Type: | Package |
Title: | Quality Measurements for Dimensionality Reduction |
Version: | 0.2.1 |
Date: | 2023-10-10 |
Maintainer: | Michael Thrun <m.thrun@gmx.net> |
Description: | Several quality measurements for investigating the performance of dimensionality reduction methods are provided here. In addition a new quality measurement called Gabriel classification error is made accessible, which was published in Thrun, M. C., Märte, J., & Stier, Q: "Analyzing Quality Measurements for Dimensionality Reduction" (2023), Machine Learning and Knowledge Extraction (MAKE), <doi:10.3390/make5030056>. |
License: | GPL-3 |
Imports: | DatabionicSwarm |
Suggests: | plotly, geometry, deldir, FCPS, ProjectionBasedClustering (≥ 1.2.1), DataVisualizations, FastKNN, ggplot2, pcaPP,pracma, spdep, grid, igraph, cccd, sf |
Encoding: | UTF-8 |
NeedsCompilation: | no |
Packaged: | 2023-10-12 07:30:23 UTC; MCT |
Author: | Quirin Stier [aut],
Florian Lerch [ctb],
Julian Märte [aut],
Hermann Tafo [ctb],
Laukert Schlichting [ctb],
Michael Thrun |
Repository: | CRAN |
Date/Publication: | 2023-10-12 09:40:15 UTC |
Classification Error (rate)
Description
Compares projected points to a given prior classification using knn classifier.
Usage
ClassificationError(OutputDistances,Cls,k=5)
Arguments
OutputDistances |
[1:n,1:n] numeric matrix with distance matrix of projected data. |
Cls |
[1:n] Numeric vector containing class information. |
k |
number of k nearest neighbors, in Venna 2010 set to 5 (here default) |
Details
Projected points are evaluated by k-nearest neighbor classification accuracy (with k = 5), that is, each sample in the visualization is classified by majority vote of its k nearest neighbors in the visualization, and the classification is compared to the ground truth label. [Venna 2010].
Value
List with three entries:
Error |
Classification Error: 1-Accuracy[1] |
Accuracy |
Accuracy |
KNNCls |
[1:n]] cls of knn classifier |
Note
Here, the Outputdistances of the Projected points are used.
Author(s)
Michael Thrun
References
Venna, J., Peltonen, J., Nybo, K., Aidos, H., and Kaski, S. Information retrieval perspective to nonlinear dimensionality reduction for data visualization. The Journal of Machine Learning Research, 11, 451-490. (2010)
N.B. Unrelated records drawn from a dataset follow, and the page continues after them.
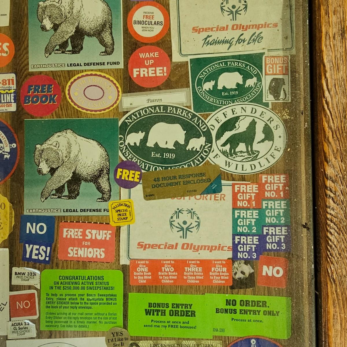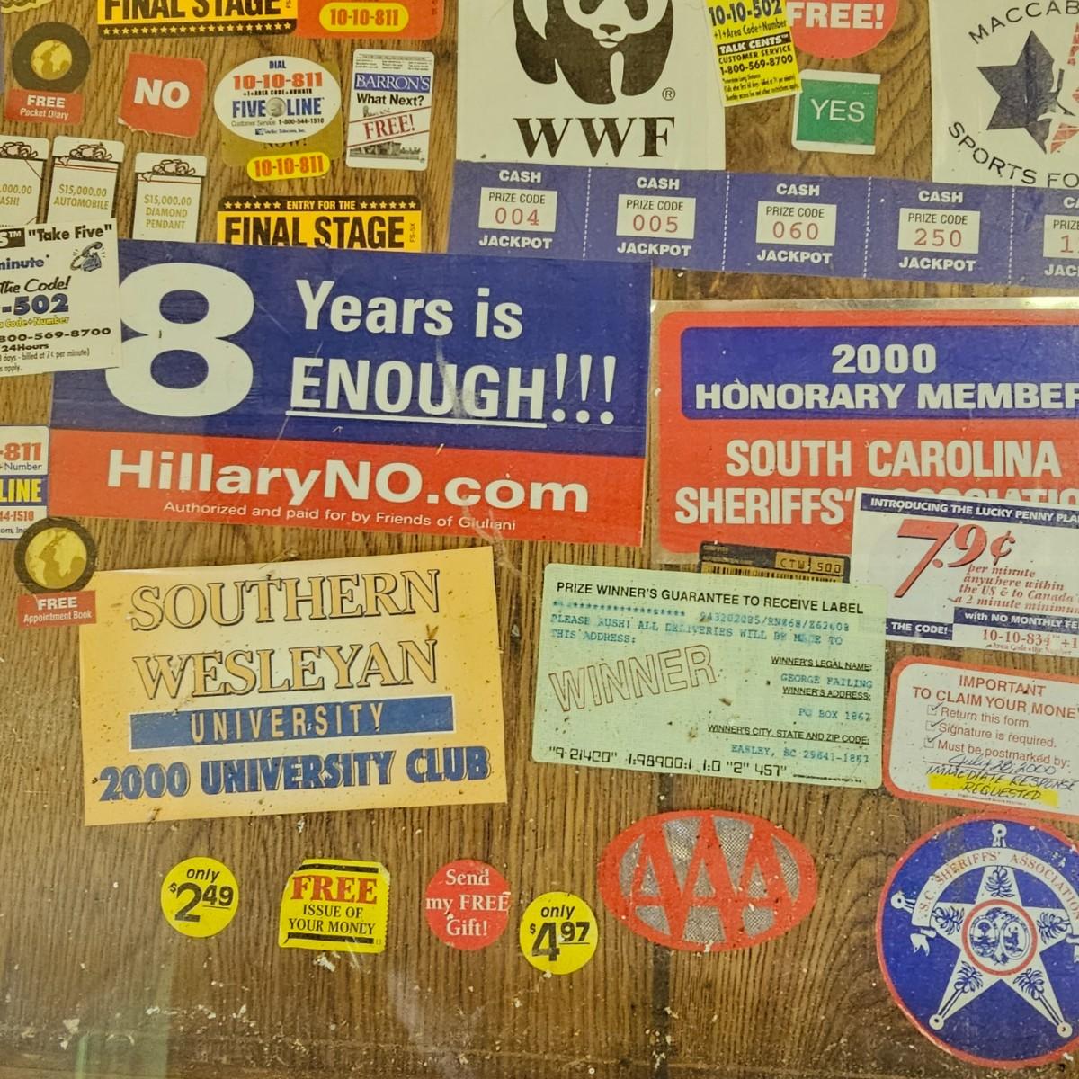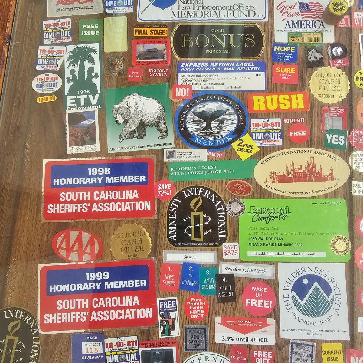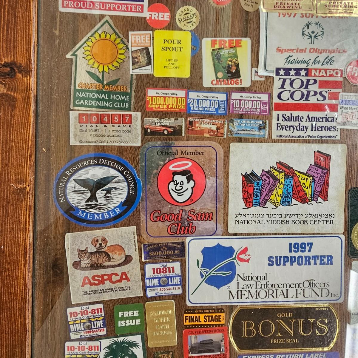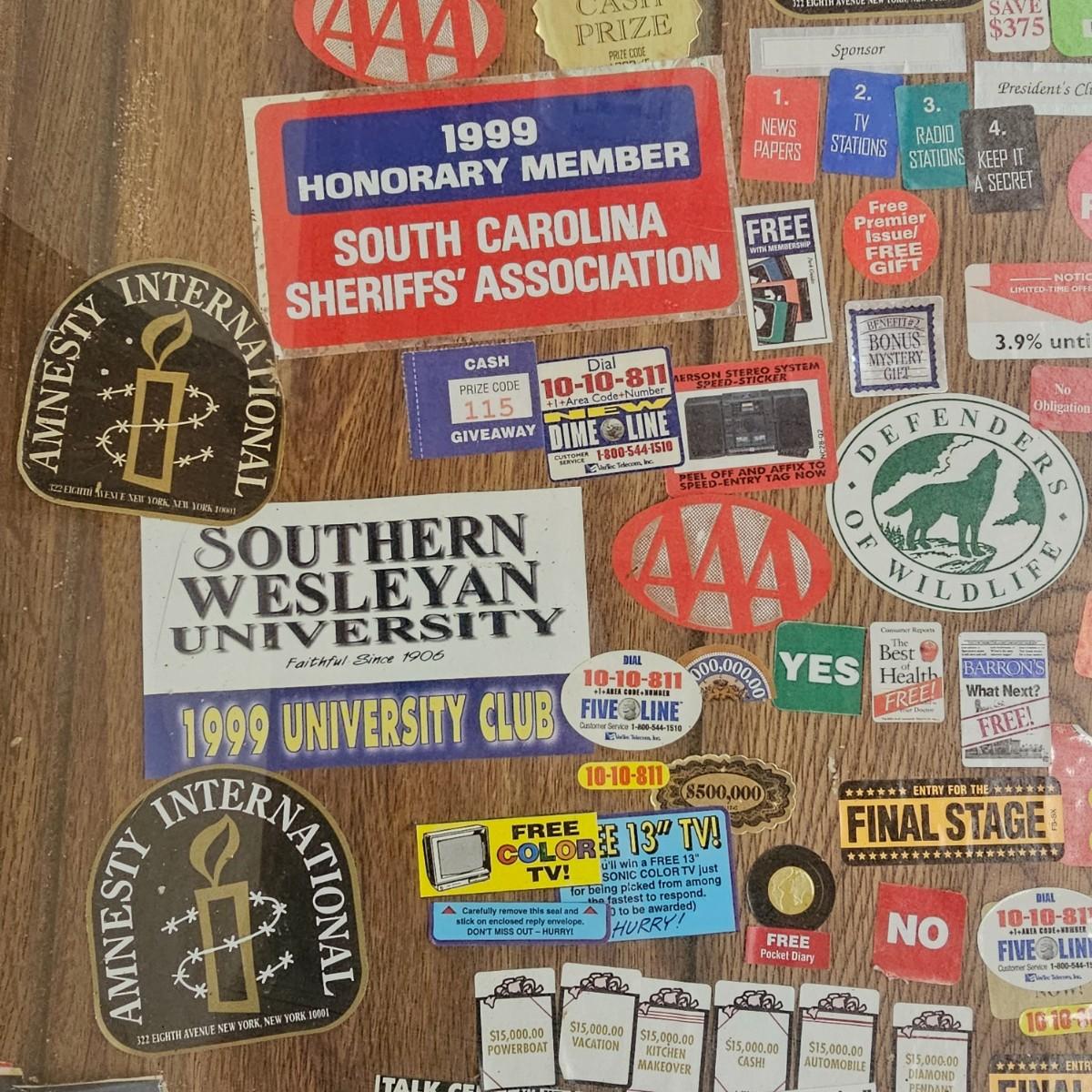 A most unusual furniture item, this handmade shadowbox table is full of stickers, tags, political memorabilia and more. Items and advertising from organizations, membership acknowledgements, etc. Table has tempered glass top, is 36" x 62" x 18"H and removable. Stickers are all placed in bottom of table, not on glass. See photos for details. Local pickup only. Winning bidder must bring assistance to help move and load this item due to its weight and/or size.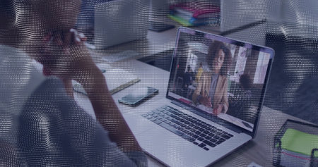 Image conferencing on laptop, person with image of digital wave pattern. Remote working, virtual meeting, technology, communication, connectivity, virtual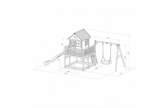 Via de trap kunnen ze omhoog klimmen om het huisje in te gaan en vervolgens van de lange glijbaan naar beneden roetsjen. En dan zijn ze nog niet uitgespeeld, want onder het speelhuis is ook nog een zandbak waar ze met z’n allen zandtaartjes kunt bakken. In dit speelhuis kunnen ze elkaar de mooiste geheimen vertellen. Zodra ze de ramen en deur dicht doen, kan niemand ze meer afluisteren! Liam is een veelzijdig houten speelhuis met een halfronde deur en ramen. De deur heeft een brievenbus waar kinderen post doorheen kunnen gooien als ze postbodetje spelen. Het speelhuisje is uitgevoerd in moderne bruin/witte kleuren welke perfect in iedere hedendaagse tuin passen. Liam speelhuis heeft een platformhoogte van 118 cm en is uitgevoerd met een grote glijbaan van 228 cm lang. Als de kinderen zijn uitgespeeld kan de zandbak eenvoudig worden afgedekt met de meegeleverde afdekhoes.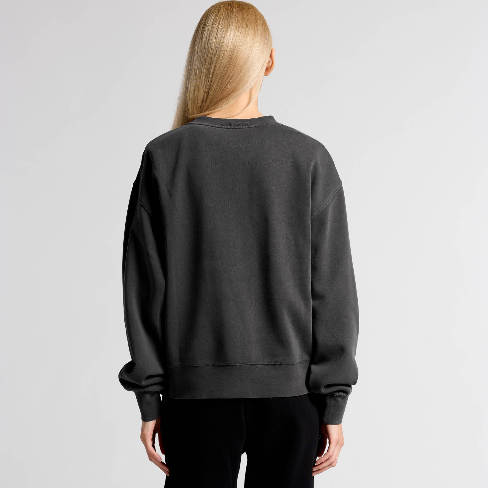 Pullover crew, drop shoulder, crew neck, garment dyed, sleeve cuff ribbing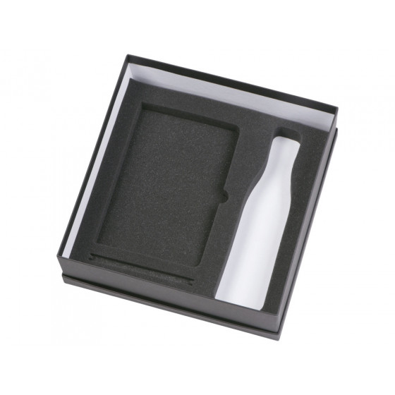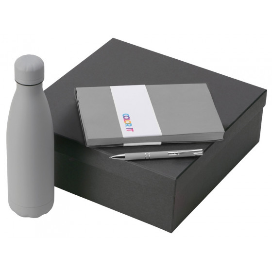 - блокнот - искусственная кожа с покрытием soft-touch, ручка - алюминий с покрытием soft-touch, термобутылка - нержавеющая cталь с покрытием soft-touch, коробка - картон, гибкая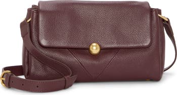 Brushed logo hardware highlights the richly textured leather on a slouchy bag featuring a divided interior and adjustable crossbody strap for versatile wear.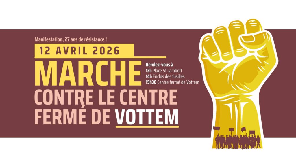 Le dimanche 12 avril 2026, une marche citoyenne s’élancera de la Place Saint-Lambert à Liège à 13h pour rejoindre le centre fermé de Vottem. Organisée par le Cracpe – Collectif de Résistance Aux Centres Pour Etrangers, le MOC Liège – Verviers, Le Monde des Possibles, ASBL La Cible, la FGTB Liège-Huy-Waremme, Les Territoires de la Mémoire, Le Centre d’Action Laïque de la Province de Liège, Peuple et Culture Wallonie-Bruxelles, Attac Liège, la Coordination des sans-papiers de Belgique et le CPCR Centre PolyCulturel Résistances. Cette manifestation est un appel clair à refuser la politique migratoire du gouvernement Arizona, la plus restrictive et la plus liberticide qu’ait connue notre pays.

Gracia, A., Gonzalez, S., Robles, V., and Menasalvas, E. A methodology to compare Dimensionality Reduction algorithms in terms of loss of quality. Information Sciences, 270, 1-27. (2014)
Examples
if(requireNamespace("FCPS")){
data(Hepta,package="FCPS")
projection=cmdscale(dist(Hepta$Data), k=2)
ClassificationError(as.matrix(dist(projection)),Hepta$Cls)
}
C-Measure subtypes
Description
Calculate the C-Measure subtypes of minimal path length and minimal wiring
Usage
Cmeasure(Data, Projection, k = 1)
Arguments
Data |
[1:n,1:d] numerical matrix of points in input space. |
Projection |
[1:n,1:2] numerical matrix of points in output space. |
k |
Number of nearest neighbors, both measures set it always to k=1. |
Value
[1:2] Numerical vector of MinimalPathlength and MinimalWiring values.
Author(s)
Michael Thrun
Examples
if(requireNamespace("FCPS")){
data(Hepta,package="FCPS")
projection=cmdscale(dist(Hepta$Data), k=2)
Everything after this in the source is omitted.